→ Work item: Print the data once more, exactly as given. Drop the pictures.

(Dataset extract begins)

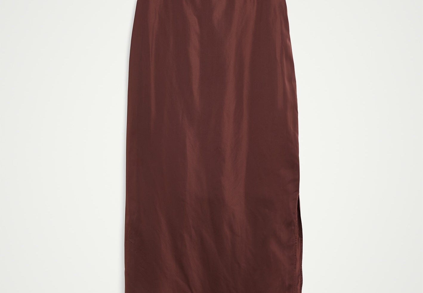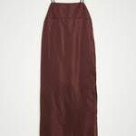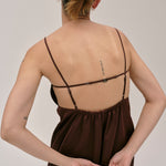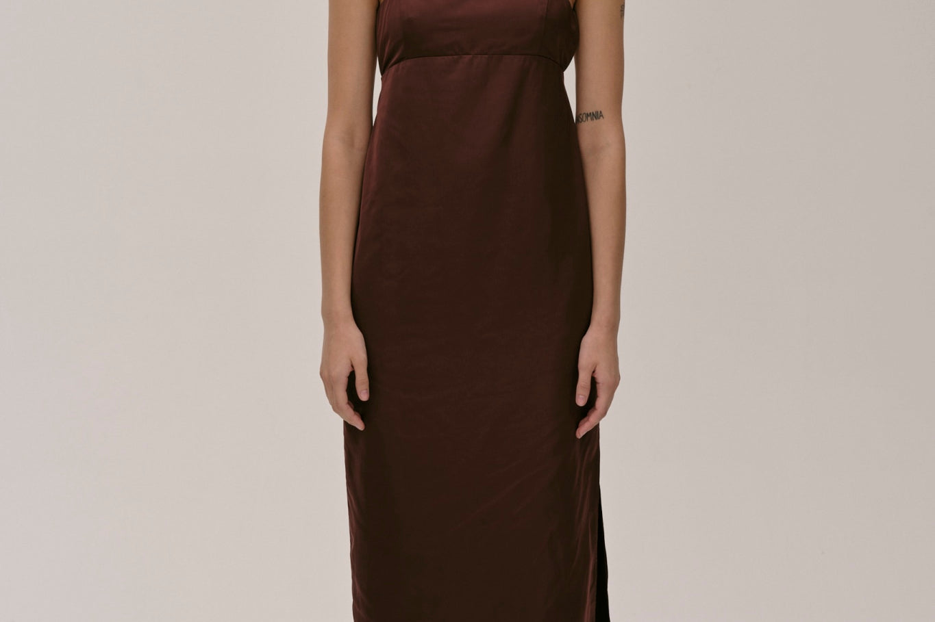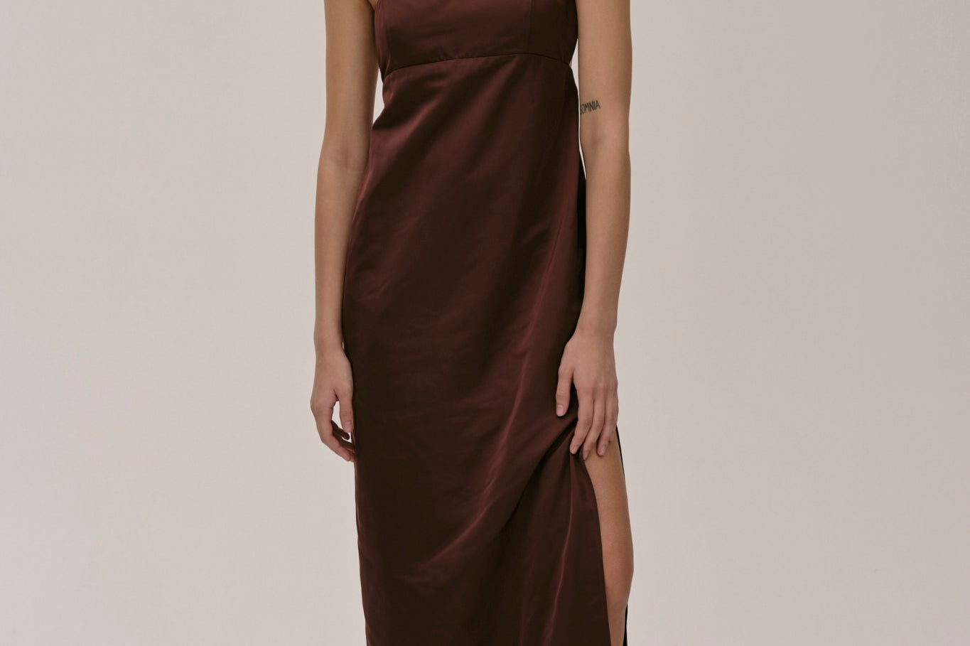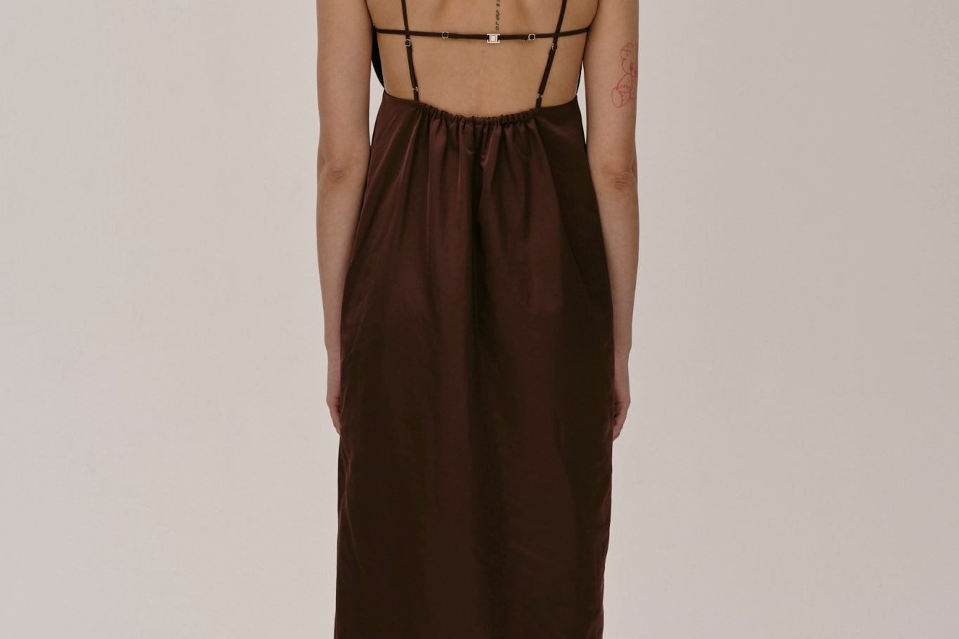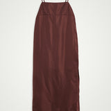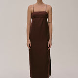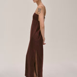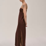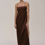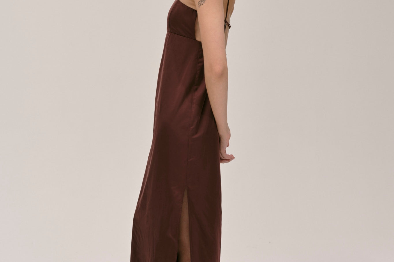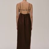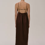 The Bach Dress is a full-length strap dress with a back strap and an open back in the upper part. The lower part features a bit more volume, along with a slit at the left side front.
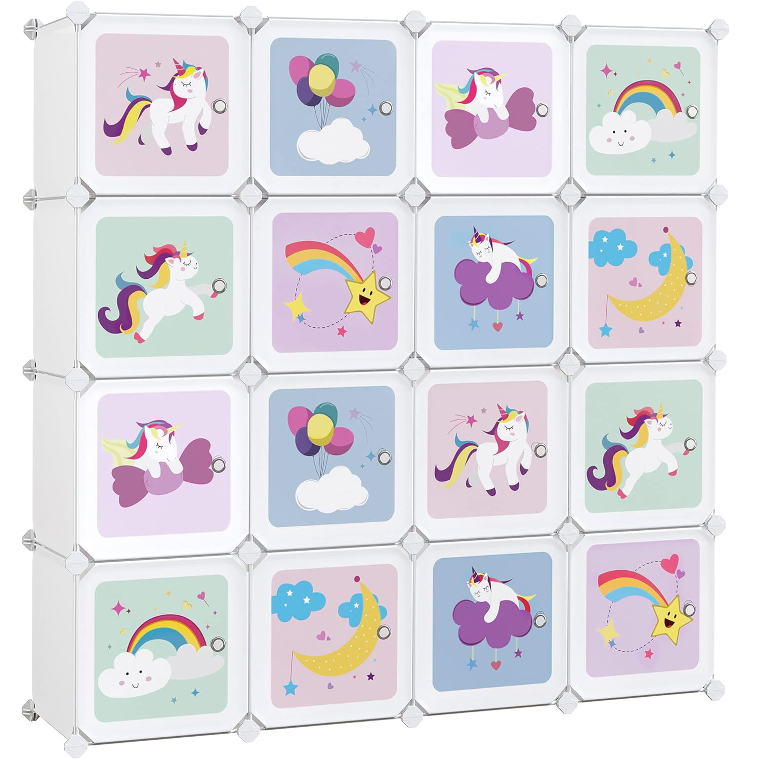 SONGMICS Dulap modular de depozitare jucarii, 16 cuburi cu usi, 123x31x123cm, alb Household NewTrend
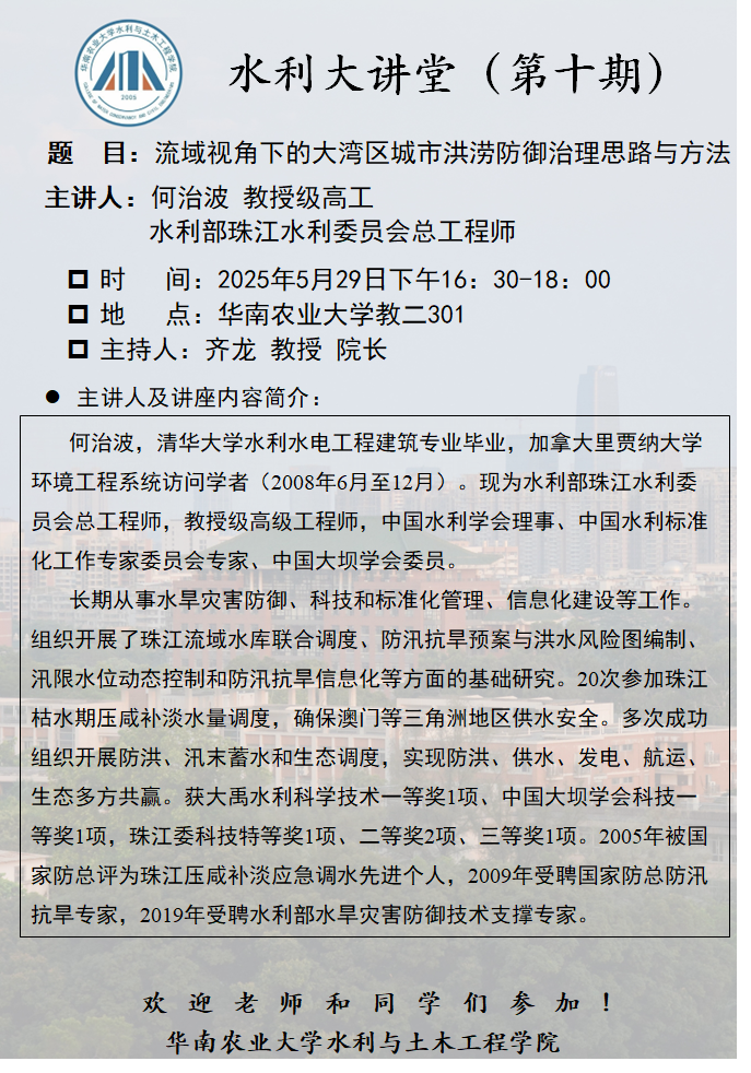 水利大讲堂(第10期):流域视角下的大湾区城市洪涝防御治理思路与方法

(Dataset extract ends)

→ Answer to the problem:
 The Bach Dress is a full-length strap dress with a back strap and an open back in the upper part. The lower part features a bit more volume, along with a slit at the left side front.
 SONGMICS Dulap modular de depozitare jucarii, 16 cuburi cu usi, 123x31x123cm, alb Household NewTrend
 水利大讲堂(第10期):流域视角下的大湾区城市洪涝防御治理思路与方法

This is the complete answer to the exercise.